Public cloud got rehabilitated in framing. Reported +11% Q4 / +3% FY26 are largely a Spot-divestiture comp story; ex-Spot growth was +18% YoY in both Q4 and FY26, with first-party/marketplace cloud storage services at +30% YoY in FY26. Keystone at +65% FY revenue growth and 88% RPO growth is the cleanest growth metric on the print, and management framed Keystone as a "broad market shift toward consumption-based offerings" — more durable than a pricing-driven response to NAND inflation.
Risk language remains present for a record quarter: "we recognize the potential for pockets of demand driven by accelerated purchasing" — i.e. management is flagging that part of the Q4 strength may be customers pulling forward purchases ahead of further price increases.
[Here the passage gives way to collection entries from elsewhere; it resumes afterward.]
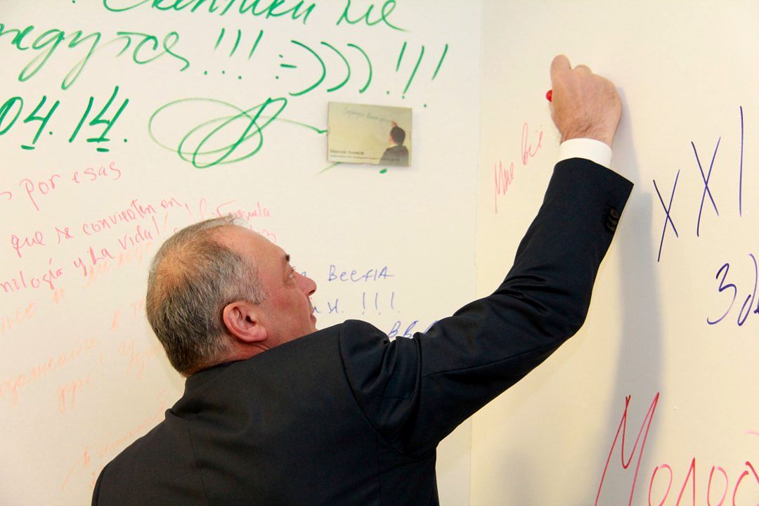 На третьем этаже казанского ИТ-парка, в Бизнес-инкубаторе, гостя ждал целый ряд презентаций, в том числе стартапов. Одним из таких проектов стал стартап, призванный оптимизировать систему железнодорожных перевозок путем подбора оптимального маршрута. Проект долежн решить проблемы простоя вагонов, оптимизировать время на доставку грузов и облегчить жизнь как перевозчикам, так и логистическим компаниям. Проект заинтересовал Магомедсалама Магомедова, и в ходе презентации он задавал много уточняющих вопросов – от принципов работы будущей системы до уточнения законодательных аспектов ее использования. Гостю рассказали и о системе «Автодория», одном из наиболее успешных выпускников Бизнес-инкубатора.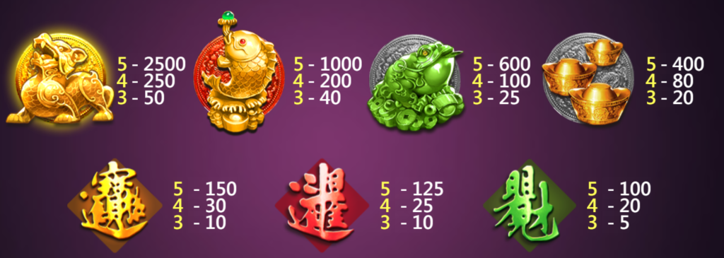 高價圖案如金龍與金魚占據了遊戲的核心位置。金龍是最具價值的符號,五個金龍圖案可賠付高達2500,象徵財富與力量,讓玩家感受到大獎的誘惑力。而金魚則緊隨其後,五個金魚的賠付為1000,雖然略低,但依然是高額獎勵之一。我覺得這兩個符號的設計不僅僅是數字的吸引力,還帶有強烈的寓意,金龍代表守護財富,金魚則象徵年年有餘,玩家很容易產生情感共鳴。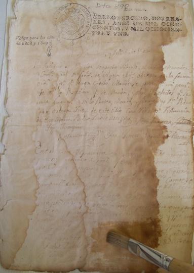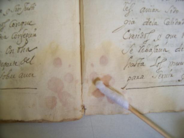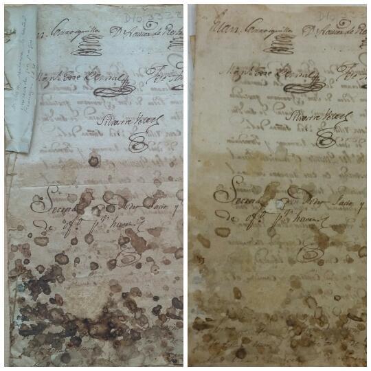 - 2. Foto de registro del documento 3332. En la imagen del lado izquierdo se observa el estado inicial del documento y la del lado derecho se evidencia el cambio después de un lavado por inmersión.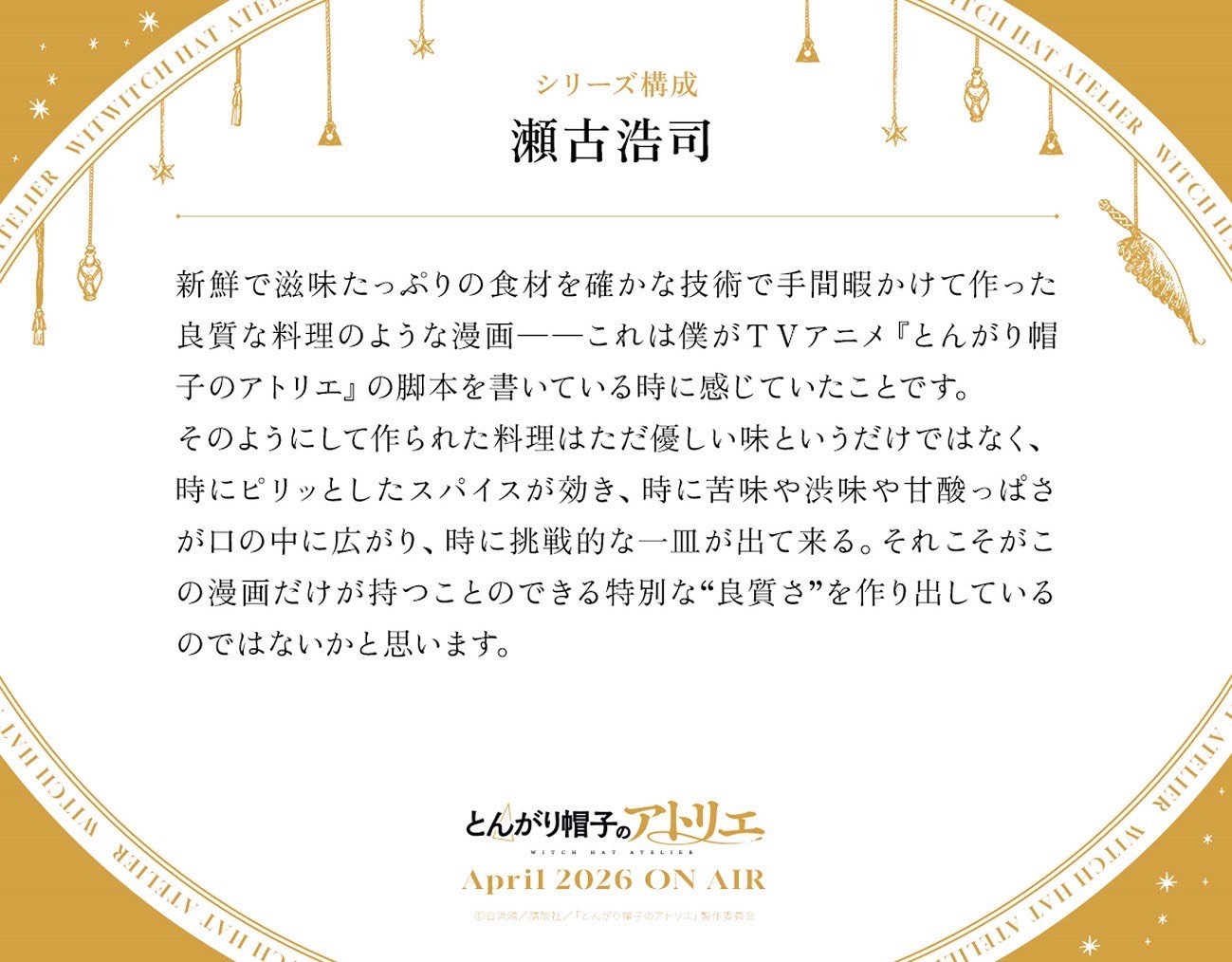 壮麗ハイファンタジー『とんがり帽子のアトリエ』TVアニメ2026年4月放送決定!! ティザーPV・キャラクタービジュアル・メインキャストも一挙解禁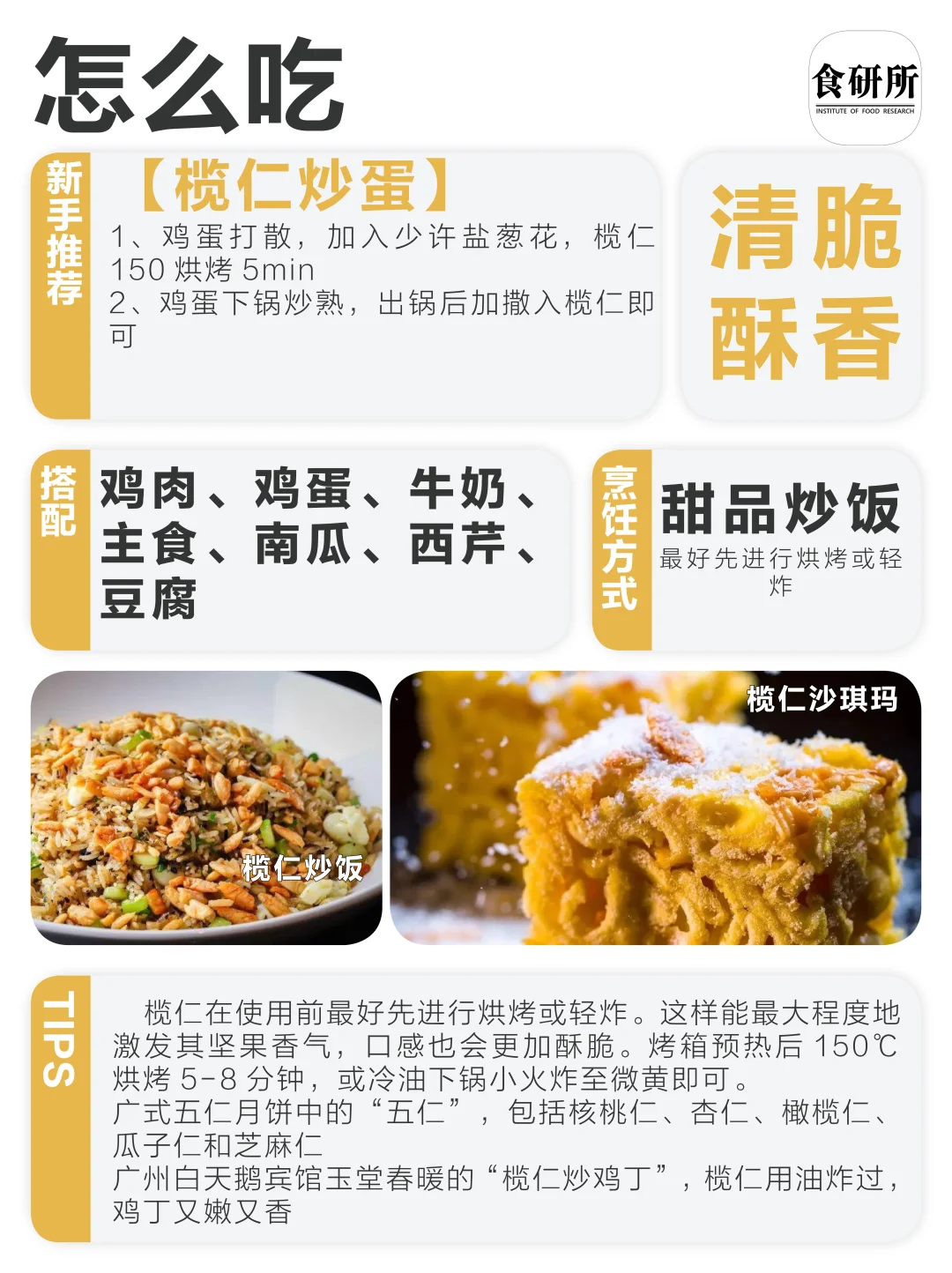 [握手R][握手R]榄仁在使用前最好先进行烘烤或轻炸。这样能最大程度地激发其坚果香气,口感也会更加酥脆。烤箱预热后150℃烘烤5-8分钟,或冷油下锅小火炸至微黄即可。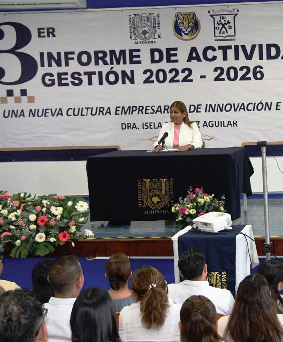 La directora de la Facultad de Ciencias de la Administración Campus IV Tapachula, Isela Ramírez Aguilar, presentó su 3er. Informe de Actividades correspondiente a la gestión 2022 – 2026, “Por una nueva cultura empresarial de innovación e inclusión social”. En su mensaje, Ramírez Aguilar dijo que en las 4 licenciaturas a cargo de esta unidad académica se atienden mil 633 estudiantes y anunció la apertura de la sede de la Facultad en Cacahoatán para el ciclo agosto-diciembre 2025, en donde se impartirán las licenciaturas en Administración y Gestión Turística.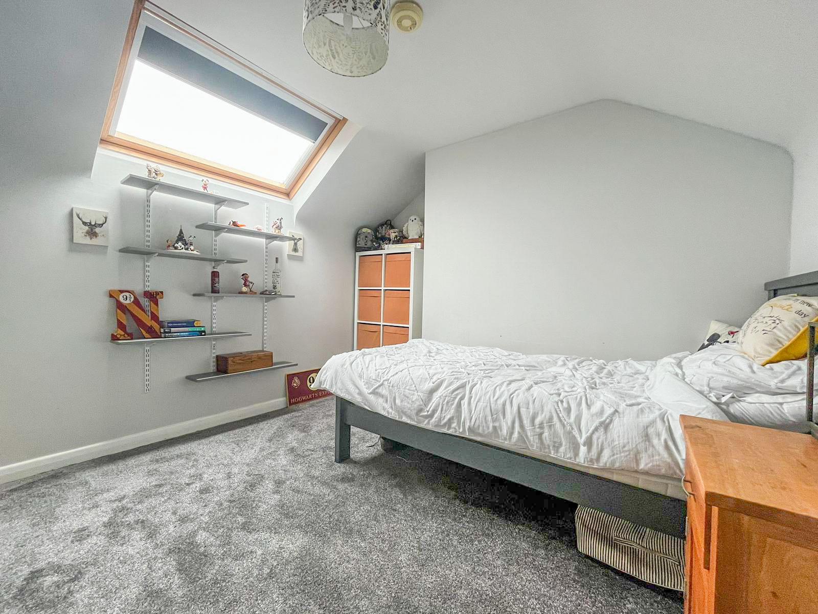 To the first floor are two further spacious double bedrooms with Velux windows that provides a bright and airy feel to each room. The master bedroom boasts a contemporary styled ensuite shower room and the first floor also obtains the added benefit of substantial eaves storage space.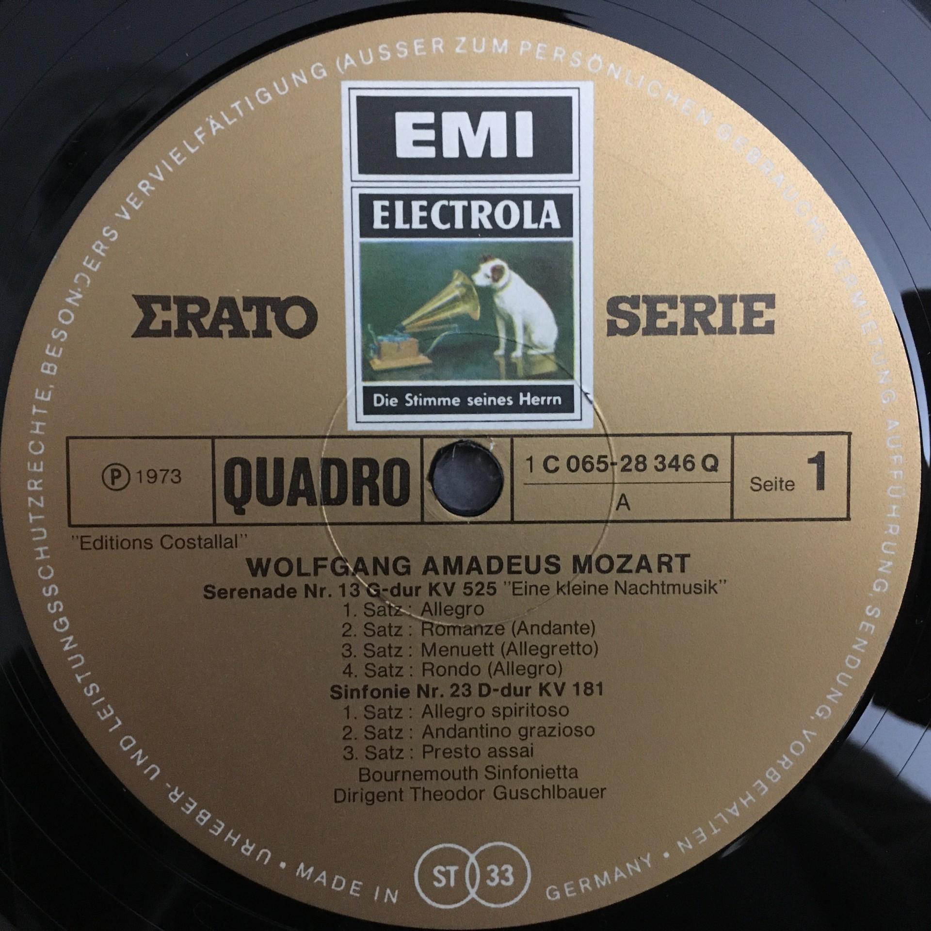 L275 Mozart Symphonies No.23 & 29 Guschlbauer EMI 1C 065-28 346 Q Quadro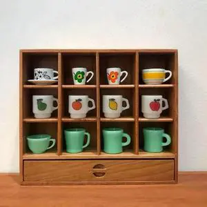 Aomoproing 1/6 Cup Holder Storage Rack Solid Wood Mini Bookcase Cabinet Doll House Mini Model Dollhouse Studying Room Accessories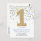 Cartão Postal Primeiro aniversario de Confetti Glitter Azul Dour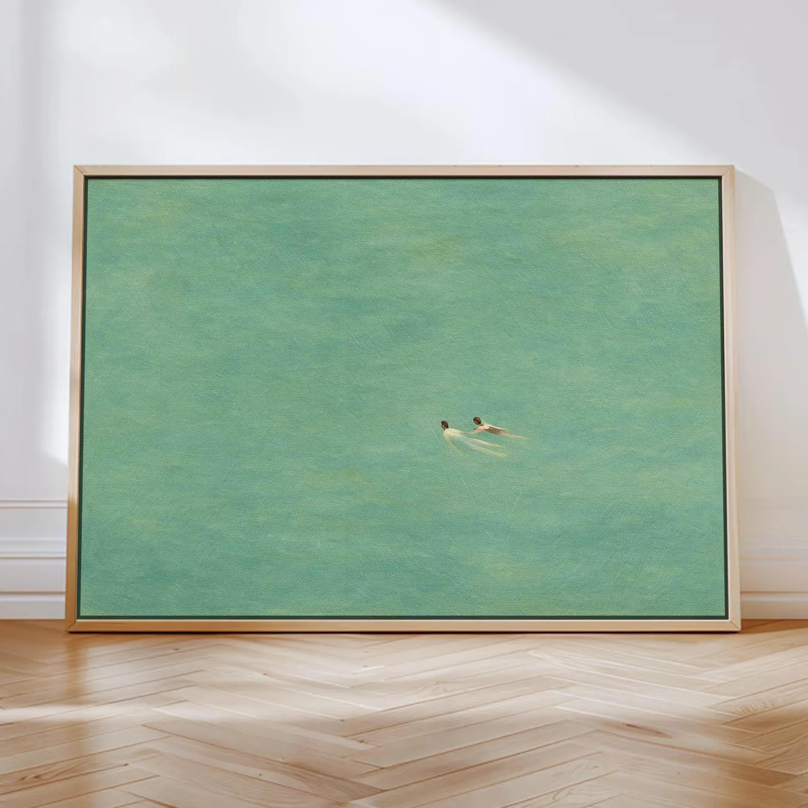 Ez a zöld tónusú, minimalista nyomat egyszerre modern és időtlen. Klasszikusságának köszönhetően könnyen beilleszthető szinte bármilyen enteriőrbe. A visszafogott színek és finom textúrák elegánsan jelennek meg a falon, minden feltűnés nélkül.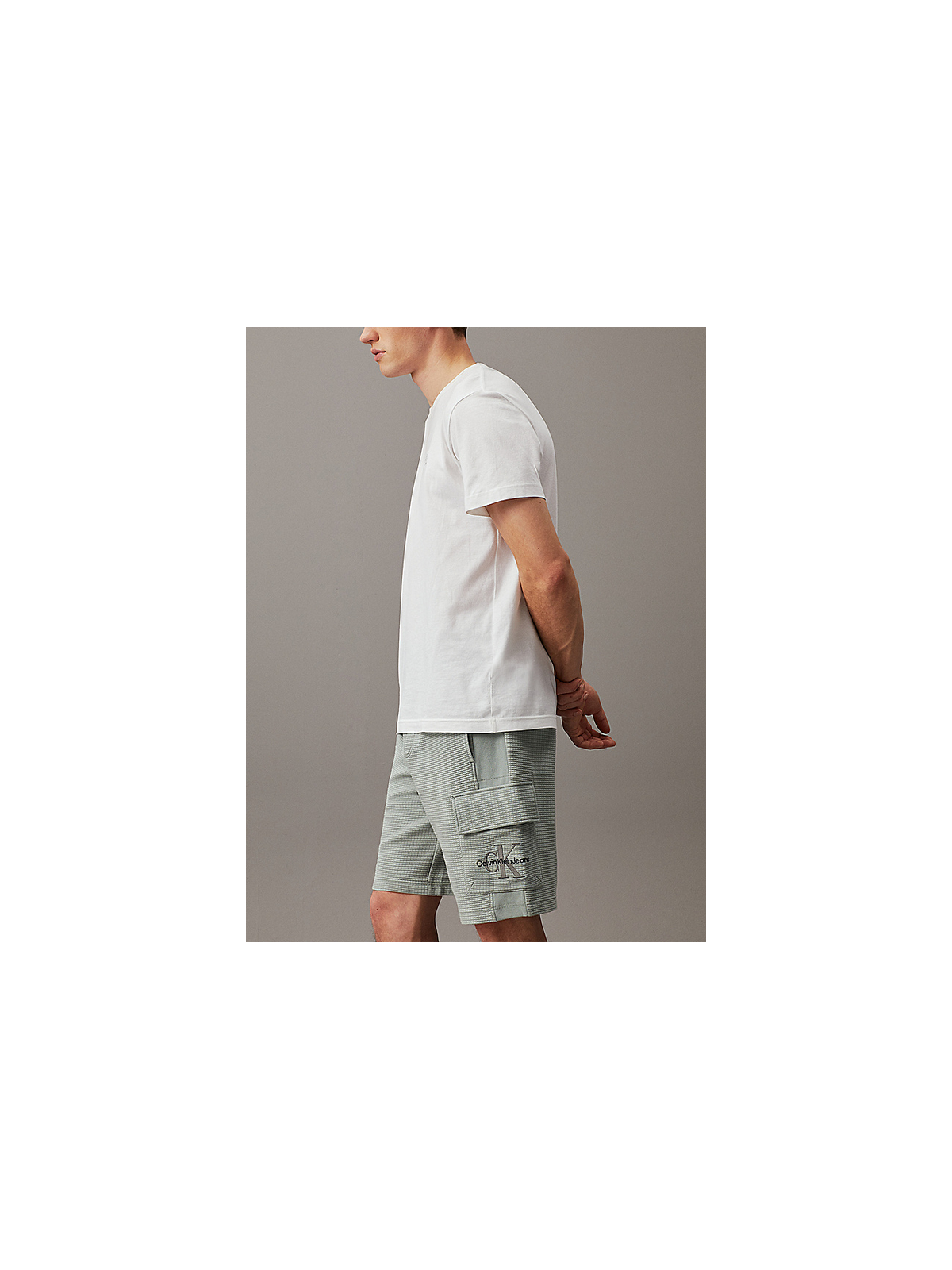- Monograma bordado de Calvin Klein en la pierna

Per Q&A, management said the Q4 P&L impact of pull-forward was minimal and the print was tied to forecasted large deals, but the FY27 guide "factored risks of pull-ins" — it is the cleanest signal that the FY27 +8% revenue guide includes meaningful conservatism.
Recurring themes management leaned on this quarter:
Risks management surfaced:
Q&A highlights
David Vogt · UBS
Demand strength and linearity in flash segment; impact of price changes on demand cadence across quarters
Strong momentum driven by enterprise AI readiness across all segments. Accelerated decision-making seen but minimal pull-forward impact on Q4 P&L. Results tied to forecasted large deals. Strong outlook for fiscal year driven by confidence in enterprise AI positioning.
Amit Daryani · Evercore ISI
All-flash array growth drivers (ASP vs unit growth); AI business performance; attach rates between AI compute and high-performance storage
500 AI wins in Q4, 1,100 for full year vs. 400 prior year. All-flash elements (high performance, capacity, block storage) performed strongly. Non-AI environments showing hybrid flash adoption. Both all-flash and hybrid grew, with all-flash particularly strong in AI use cases.
Eric Woodring · Morgan Stanley
AI wins contribution to fiscal 27 revenue guidance; split between public cloud and on-prem AI solutions; gross margin expansion conservatism given unprecedented pricing environment
All 500 AI wins are on-prem (enterprise and neocloud mix). Use case split: ~50% data preparation/analytics, ~25% training/fine-tuning, ~25% inference. Company is well-positioned due to installed base and hybrid cloud infrastructure. Gross margin guidance reflects current component cost information with long-term target of mid-50s to high 50s for product margins.
Wamsi Mohen · Bank of America
Large deal pipeline sustainability; pull-forward evidence vs. reseller feedback about budget acceleration and price increases; cadence of future price adjustments
Large deal pipeline included infrastructure modernization and significant AI-driven projects. Minimal pull-forward impact on Q4 P&L. Company winning in non-traditional accounts where AI projects are business priorities. Some accelerated decision-making observed but many customers lack flexibility. Management expects to provide updates as year progresses.
Tim Long · Barclays
Public cloud revenue sustainability without Spot platform; Google distributed cloud deal impact; Keystone adoption durability vs. pricing-driven purchasing
Cloud storage services (first-party and marketplace) grew 30% YoY. Continued momentum expected with acceleration into FY27 at strong gross margins. AI use cases emerging in cloud. Keystone reflects broad market shift toward consumption-based offerings, driven by customer familiarity with public cloud operations and cost optimization; more durable than pricing-driven. Google deal in hybrid cloud segment.
Answers to last quarter's watch list
What to watch into next quarter
Q1 FY2027 revenue vs. the $1.750–$1.900B guide. Midpoint $1.825B includes ~$65M extra-week contribution; underlying organic implies ~$1.76B at +13% YoY vs the $1.56B Q1 FY26 base. A print below $1.80B reported (or $1.74B ex-week) would validate the "accelerated purchasing pull-forward" hedge as a real Q1 air pocket. A print above $1.87B reported would suggest the FY27 +8% guide has cushion.
Q1 FY2027 non-GAAP gross margin vs. the 69.1–70.1% guide. Management explicitly called Q1 the FY27 product margin trough. A print at 69.0% or below would mean the trough is deeper than guided and put the FY27 68.5–69.5% gross margin floor at risk before the year has started. A print at the midpoint or above is the minimum to keep the FY27 framework intact.
Billings trajectory in Q1. Q4 and FY26 billings both ran +6% YoY. Watch whether Q1 FY27 billings re-accelerate to validate the +12% Q4 revenue exit, or whether the in-quarter divergence between billings and revenue persists into Q1.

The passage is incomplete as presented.